Выбрать главу

Понимает Мадлен сразу, где очутилась: Кристальный лабиринт страшнее порой самого злобного зла. Меркнет сам Феникс или демон Валтор перед ним. Лабиринт не жалеет, тянет за собой в русла высохших потоков, запутывает в альтернативных реальностях. Войди ты в него на добровольных началах иль случайно, шуткой Дракона попади - лабиринту все равно, запутает он голову твою, вскружит-вспенит, словно воду морскую. Пугают Кристальным детей малых, непослушных. Страшны искривления пространства - злые шутки играют с людьми они, калечат судьбы, ломают жизни, разлучают влюбленных. Бежит-торопится Мадлен, надеется перегнать время. Кулаки сжаты, зубы стиснуты, а в голове собственный голос (или воспаленное сознание больше не контролирует себя) повторяет: “Только бы покушение не совершилось, только успеть бы в срок, только б спасти своего монарха!” Заведенной куклой повторяет это Мадлен, заведенной куклой вперед несется, не останавливаясь.

***

Кристальный лабиринт хохочет, Мадлен бежит-торопится, стараясь если не время перегнать, то хотя бы рядом с ним держаться, не вылететь из стремительно несущегося потока, быстрого, могучего и непрерывного. Не остановить, не замедлить, не повернуть время. Мадлен не думает, бежит лишь вперед, боясь остановиться - собьется с ритма, потеряет нить путеводную, к выходу ее несущую. А есть ли она, нить-то эта, или Мадлен лишь только с ума сходит, воспаляется разум ее, туманится мозг? Повороты-тупики-коридоры - стеклянно-водные, твердо-разбегающиеся. Бежит Мадлен, гулко стучит сердце ее, бухает-бьется глухо. Дыхание сбито, ребра болят, стягивают грудную клетку, колени болят-сгибаются, оступится девушка - не встанет больше, ляжет ничком на скользкий пол, взглянет на потолок, увидит там сома плывущего, черного такого, серебристого чуть, с усами длинными, смотрящего на нее большими глазами выпуклыми. Грохнется, тут же забудется, а может, и заснет навеки.
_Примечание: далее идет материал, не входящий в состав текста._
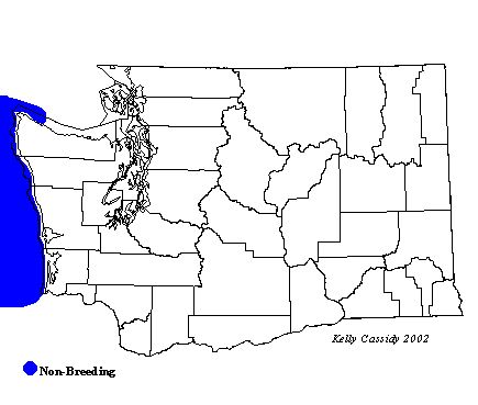 Most migration takes place offshore. Numbers moving through Washington during migration are highly variable from year to year. Since Black-legged Kittiwakes do not breed in Washington, migration is when we are most likely to see them. The fall movement begins in August and peaks in September. The highly variable spring migration may be more conspicuous than fall and runs from early April to early June.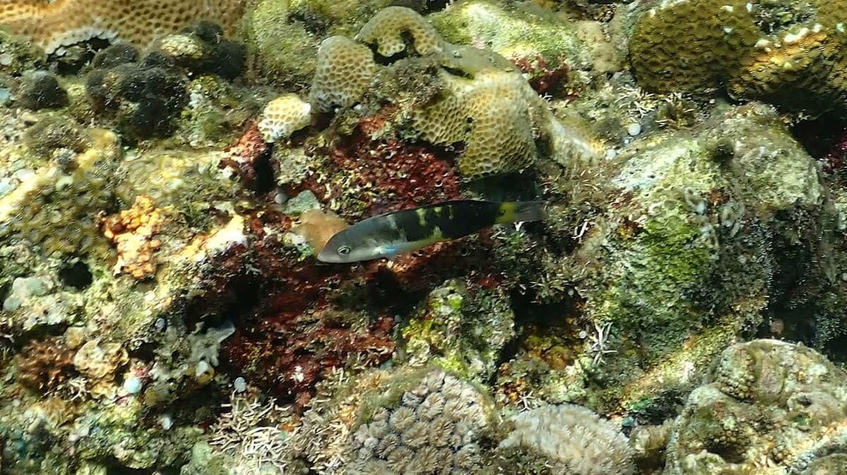 En palmant vers la mer, les fonds se couvrent peu à peu de coraux. Ceux-ci sont plutôt en mauvais état, et alternent entre massifs de coraux vivants et zones dégradées/débris de coraux (↕1-3 mètres).

Привыкла девушка к состоянию такому - даже удовольствие испытывает от него, мазохистское, слушает радостно, как трещат ребра, чувствует, как немеют колени, сводит пальцы на ногах, как дыхание прерывается-сбивается, свистит, одышка появляется. Чувствует Мадлен порой прилив сил, открывается второе дыхание у нее. Выступают тогда из спины крылья, тонкие, хилые немного, затекшие от долгого “нелета”, ловят, подстраиваются под потоки времени - быстрее ветра несется Мадлен, но редки такие мгновения.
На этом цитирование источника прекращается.